### [What the task asks]
Give back the full listing, character for character, with no pictures.

### [Input for this task]
================

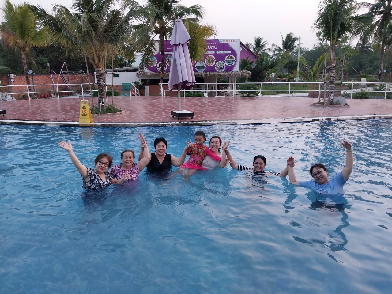 Cả gia đình cùng tham gia bơi tại hồ bơi ven sông của Rooster Mekong
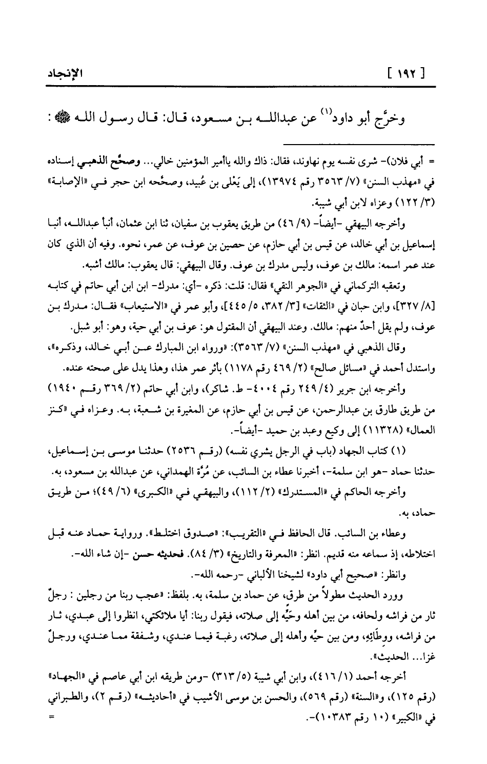 (¬1) كتاب الجهاد (باب في الرجل يشري نفسه) (رقم 2536) حدثنا موسى بن إسماعيل، حدثنا حماد -هو ابن سلمة-، أخبرنا عطاء بن السائب، عن مُرَّة الهمداني، عن عبد الله بن مسعود، به.
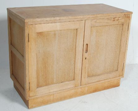 A mid century retro Industrial / Factory school cupboard of low rectangular form with twin fielded panel doors having central shelf set within
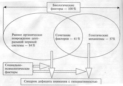 Кроме того, отмечается и значение генетического фактора. Замечено что в большом проценте случаев у родителей детей с СДВГ в детстве наблюдались те же симптомы. Была выдвинута гипотеза о существовании наследственной предрасположенности к этому заболеванию (Т. Б. Глезерман).
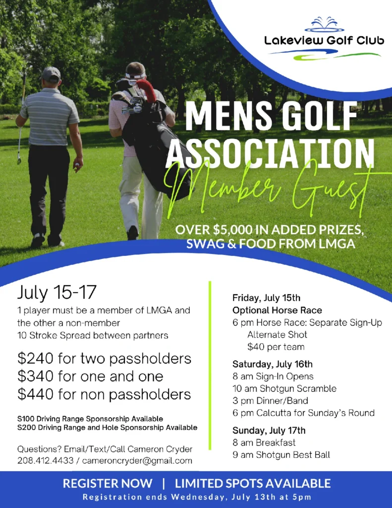 LMGA Member/Guest + Add to Google Calendar + iCal / Outlook export Date Jul 15 - 17 2022 Expired! Time All Day More Info Register Now Category Golf Tournament Register Now Share this event
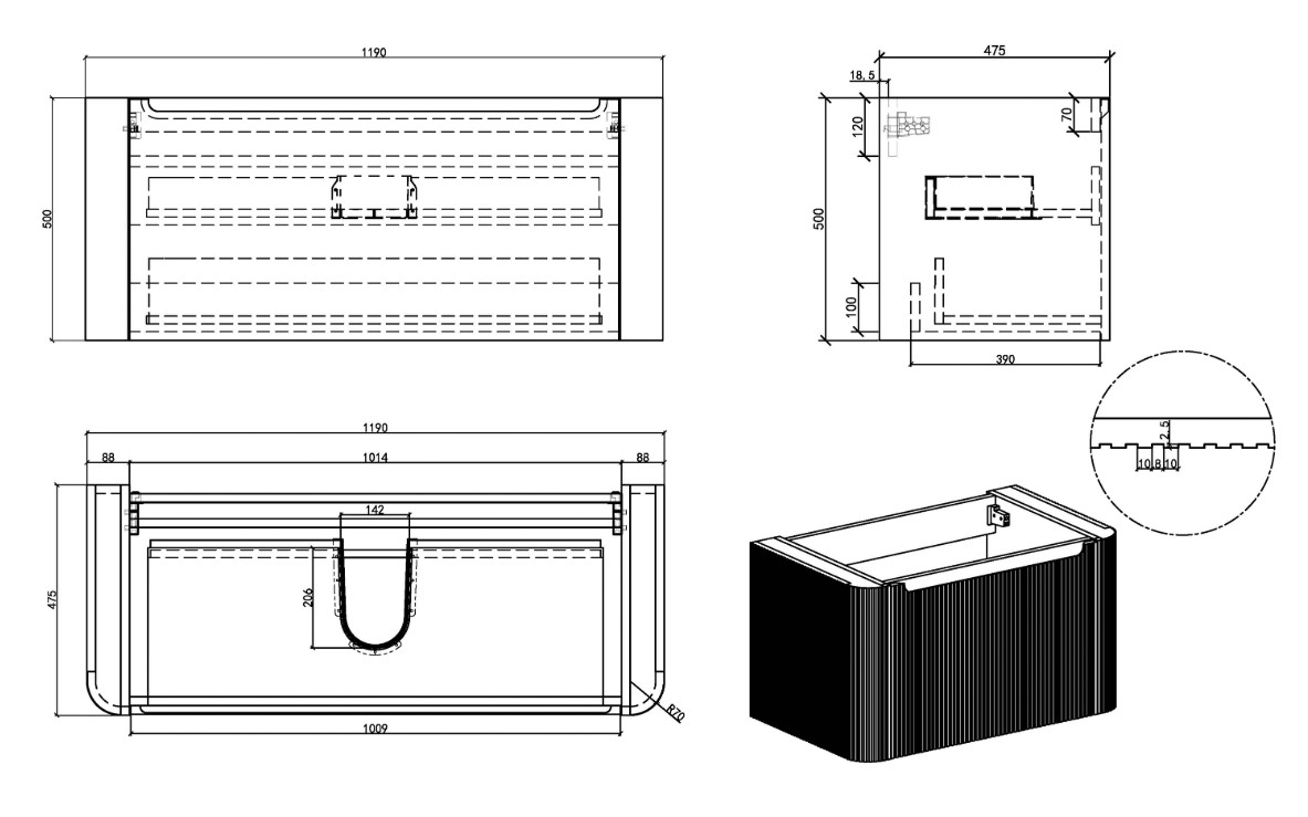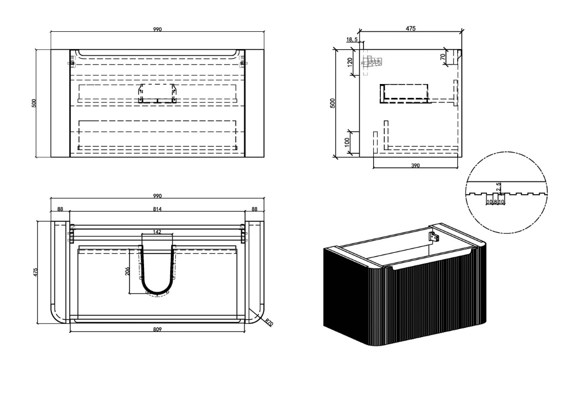De onderkast is voorzien van twee lades, waarvan één verdekt verwerkt voor een minimalistische uitstraling. De hoogwaardige Blum ladegeleiders zorgen voor een soepele werking en zijn uitgerust met softclose, waardoor de lades geruisloos sluiten.
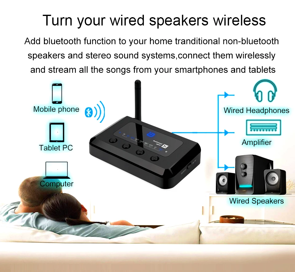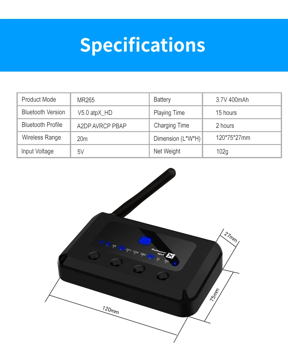 【BLUETOOTH 5,0 Hi-Fi Aptx HD/ll】 оснащен самой высокой версией Bluetooth V5.0 и высококлассным чипом CSR8675, чтобы обеспечить лучшую эффективность передачи, стабильность и сверхнизкое энергопотребление. Поддержка AptX HD и AptX с низкой задержкой, высокая точность CD качество стерео звуковых потоков плавно. Это лучший выбор, если вы ищете экономически эффективный bluetooth-аудио приемник и передатчик.
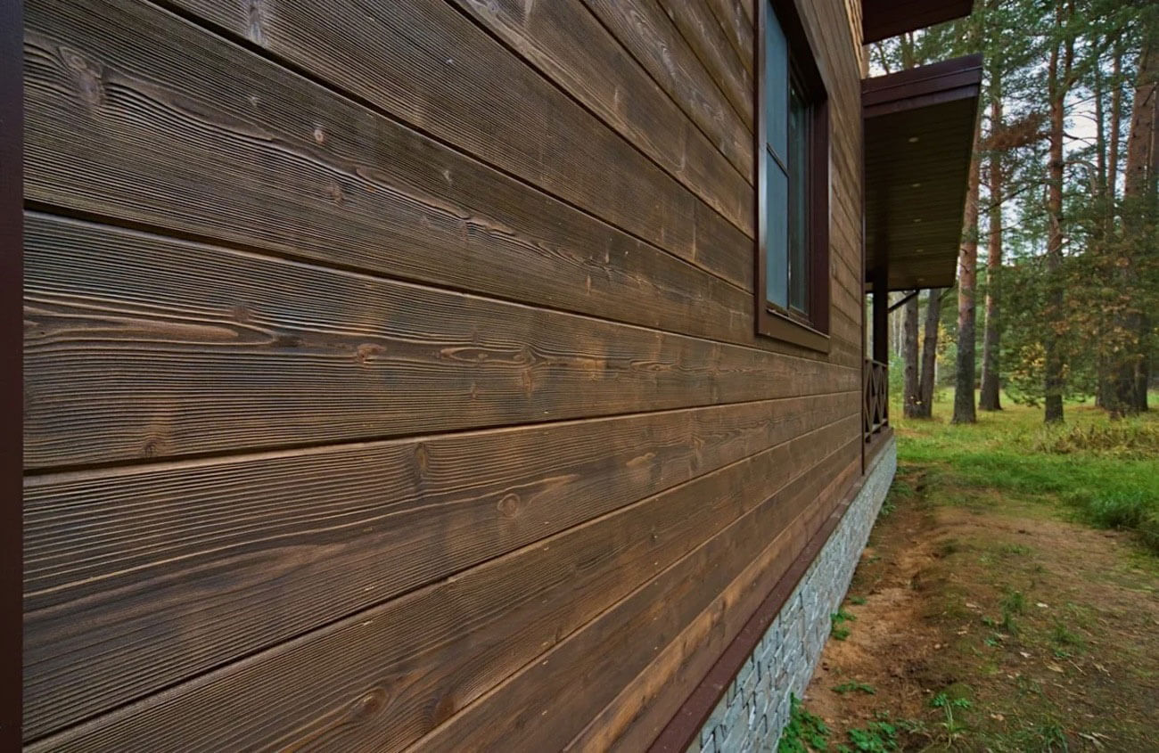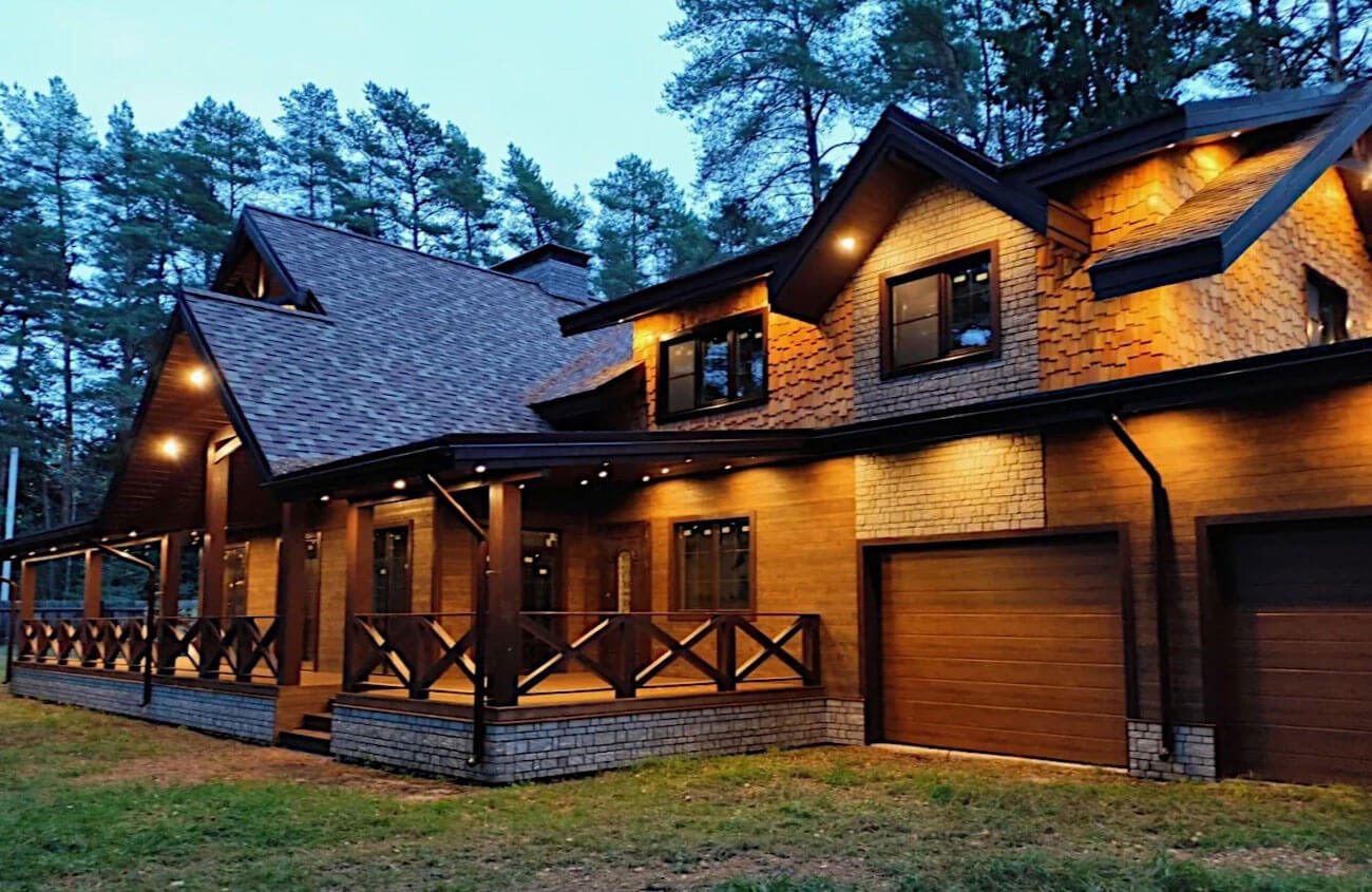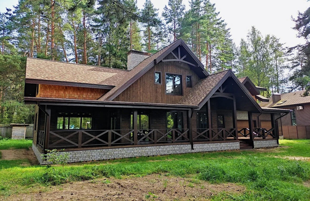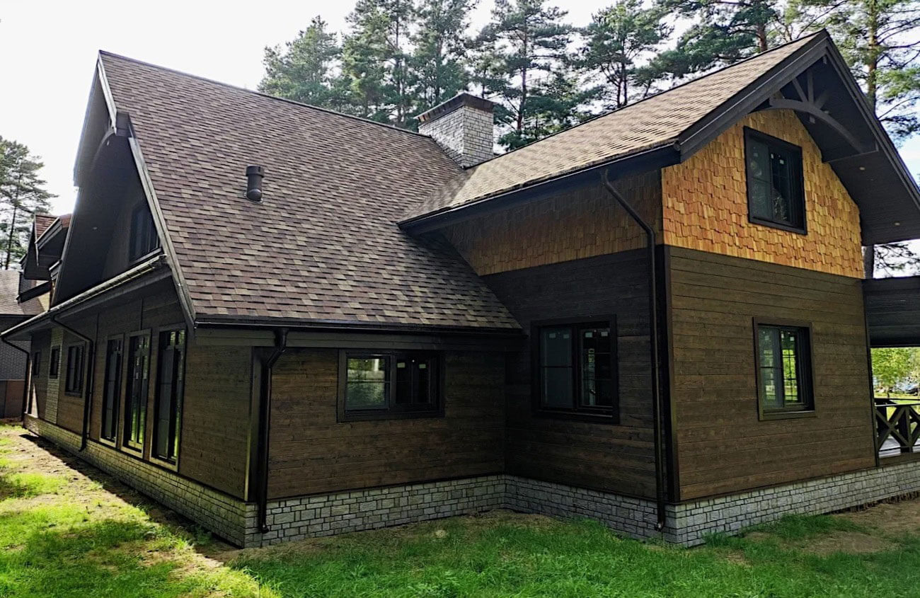 Во внешней отделке дома применены редкие для нашей страны материалы, полностью отвечающие запросу на максимально деревянный и уникальный дом: натуральная кедровая дранка, брашированная (состаренная) имитация бруса, лиственница, а также термопанели с плиткой из искусственного камня, имитирующего разноформатный тёс.

================

### [Result below]
 Cả gia đình cùng tham gia bơi tại hồ bơi ven sông của Rooster Mekong
 (¬1) كتاب الجهاد (باب في الرجل يشري نفسه) (رقم 2536) حدثنا موسى بن إسماعيل، حدثنا حماد -هو ابن سلمة-، أخبرنا عطاء بن السائب، عن مُرَّة الهمداني، عن عبد الله بن مسعود، به.
 A mid century retro Industrial / Factory school cupboard of low rectangular form with twin fielded panel doors having central shelf set within
 Кроме того, отмечается и значение генетического фактора. Замечено что в большом проценте случаев у родителей детей с СДВГ в детстве наблюдались те же симптомы. Была выдвинута гипотеза о существовании наследственной предрасположенности к этому заболеванию (Т. Б. Глезерман).
 LMGA Member/Guest + Add to Google Calendar + iCal / Outlook export Date Jul 15 - 17 2022 Expired! Time All Day More Info Register Now Category Golf Tournament Register Now Share this event
De onderkast is voorzien van twee lades, waarvan één verdekt verwerkt voor een minimalistische uitstraling. De hoogwaardige Blum ladegeleiders zorgen voor een soepele werking en zijn uitgerust met softclose, waardoor de lades geruisloos sluiten.
 【BLUETOOTH 5,0 Hi-Fi Aptx HD/ll】 оснащен самой высокой версией Bluetooth V5.0 и высококлассным чипом CSR8675, чтобы обеспечить лучшую эффективность передачи, стабильность и сверхнизкое энергопотребление. Поддержка AptX HD и AptX с низкой задержкой, высокая точность CD качество стерео звуковых потоков плавно. Это лучший выбор, если вы ищете экономически эффективный bluetooth-аудио приемник и передатчик.
 Во внешней отделке дома применены редкие для нашей страны материалы, полностью отвечающие запросу на максимально деревянный и уникальный дом: натуральная кедровая дранка, брашированная (состаренная) имитация бруса, лиственница, а также термопанели с плиткой из искусственного камня, имитирующего разноформатный тёс.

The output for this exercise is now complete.